Cruise companies suspend stopovers in Tunis after attack

Two Italian cruise companies, whose passengers were among the victims of a deadly attack on a Tunis museum, on Thursday suspended stopovers in the city.

In a blow for Tunisia's crucial tourist sector, MSC Cruises and Costa Crociere said none of their boats would berth in the north African country's capital until further notice because of the security risk.

Most of the 20 foreign tourists killed in Wednesday's attack on the National Bardo Museum were passengers on the boats.

Both cruise liners left Tunis Thursday for their next scheduled stops, apparently intent on completing their cruises despite having to provide trauma counselling for some of those on board.

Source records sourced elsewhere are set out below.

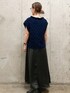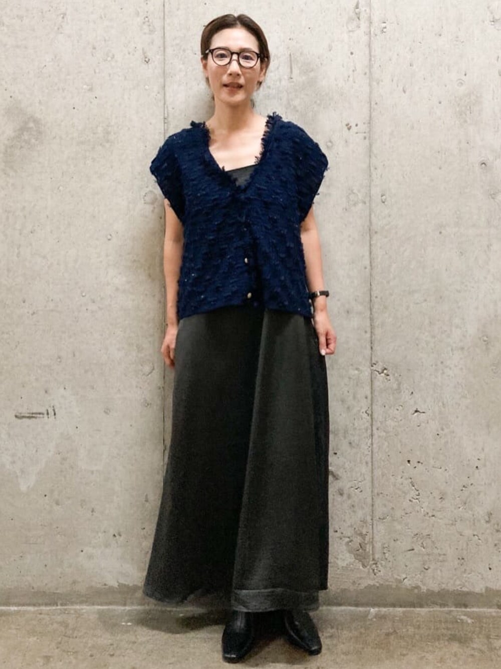 T 163cm 【サイズ感】ベストM、ワンピースMサイズ着用, ベストは短丈のストンとした身ごろでゆとりがあります。 ワンピースは肩紐で長さが調整でき、ゆったりしたサイズです。 【着心地、素材感】ベストはボリュームあるツィード風な生地で、編み模様があります。 ワンピースは光沢感があり落ち感のあるツルッとした生地です.裏地もあります。 【おすすめポイント】ニットベストは合わせると一気に季節感が増します! 【コーディネートポイント】異素材のダークカラーコーディネートです。エレガントなシルエットのワンピースをカジュアルに着回してみました。
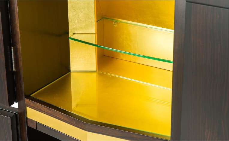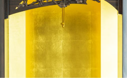 本黒檀の扉を開けると一転、本金箔で仕立てた光の世界に。月光に照らされたような金一色の美しさは、ご安置いただく御本尊様を、より一層荘厳し、祈りのときを美しく照らし出します。
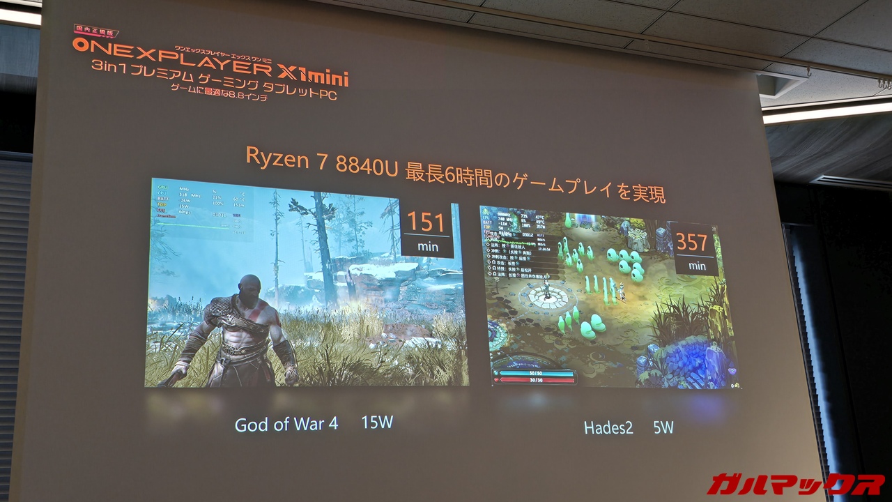 ▼バッテリー容量は16890mAh(65.02Wh)。ゲームによりますが、3DゲームのGod of War 4では2時間半ほどプレイができるとのこと!もっと軽いゲームならそれ以上で、最長6時間も遊べるんだそう!↓
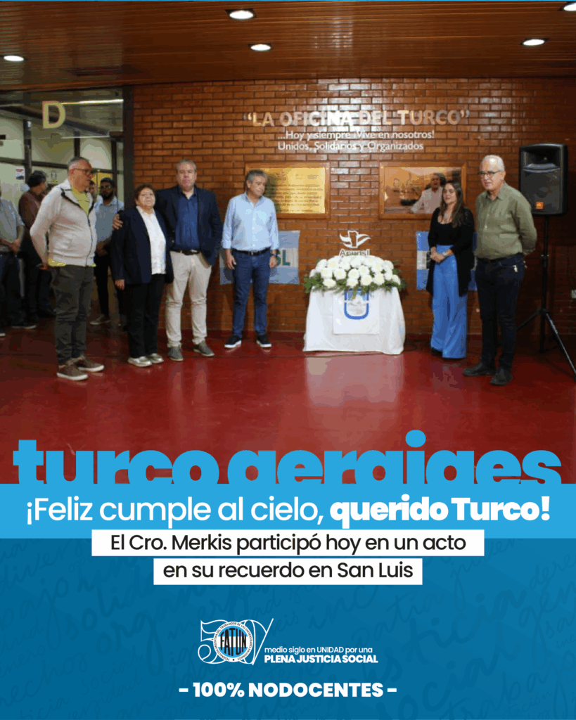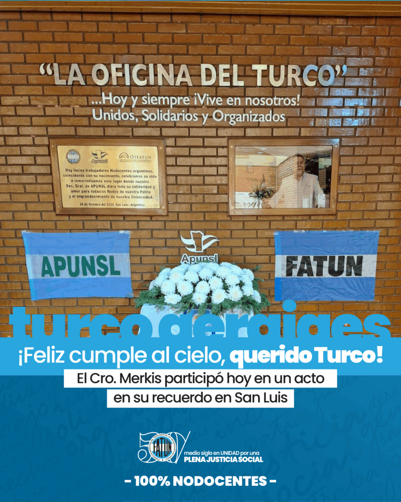 El “Turco” dedicó su vida a luchar por los derechos de las y los trabajadoras/es NODOCENTES en la Universidad de San Luis y más allá. Su pasión y dedicación inspiraron a todos los que tuvimos el honor de conocerlo y trabajar a su lado.

Fears that the museum attack, which has highlighted growing security concerns in the Mediterranean region, could decimate bookings for the peak summer season were allayed by at least one major organisation of travel agents.

"We have not seen a wave of cancellations of trips to Tunisia," said Rene-Marc Chikli, president of the union of French tour operators (SETO).

"I'm not saying there haven't been any but customers appear to have been supportive. We have had some asking questions today, but also some making reservations."

Nine passengers on the MSC ship that was in Tunis when the attack occurred on Wednesday were among at least 20 foreign tourists confirmed to have died.

A Tunisian policeman was also said to have been killed.

The passengers who lost their lives were said to be three Japanese, two Colombians, two Spaniards and two French nationals.

A further 12 passengers were injured and six had not returned to the MSC Splendida when it left Tunis on Thursday morning, bound for Barcelona.

Three passengers on the Costa Fascinosa died, the company's CEO Michael Thamm said in a statement. Eight others were injured and two remain unaccounted for. The nationalities of the deceased were not released.

The ship set off from Tunis in the early hours for the Spanish island of Mallorca.

Costa said the suspension would affect three of its giant ships which had been due to berth in Tunis in the coming months — the Costa Fortuna, Costa Favolosa and the Costa neoRiviera.

MSC also had three boats scheduled to dock in Tunis in the near future.

In a statement, Costa said: "The safety of our guests and crew is Costa Crociere's priority and an essential requirement for providing peaceful and relaxing holidays.

"After what happened in Tunis, we have decided to cancel all upcoming stops by our boats."

Both companies said they were working on alternative ports of call for the affected cruises.

Costa said two of its executives and 12 other employees were in Tunis helping the injured and attempting to track down the two missing passengers.

Each ships had more than 3,000 passengers on board when they arrived in Tunis.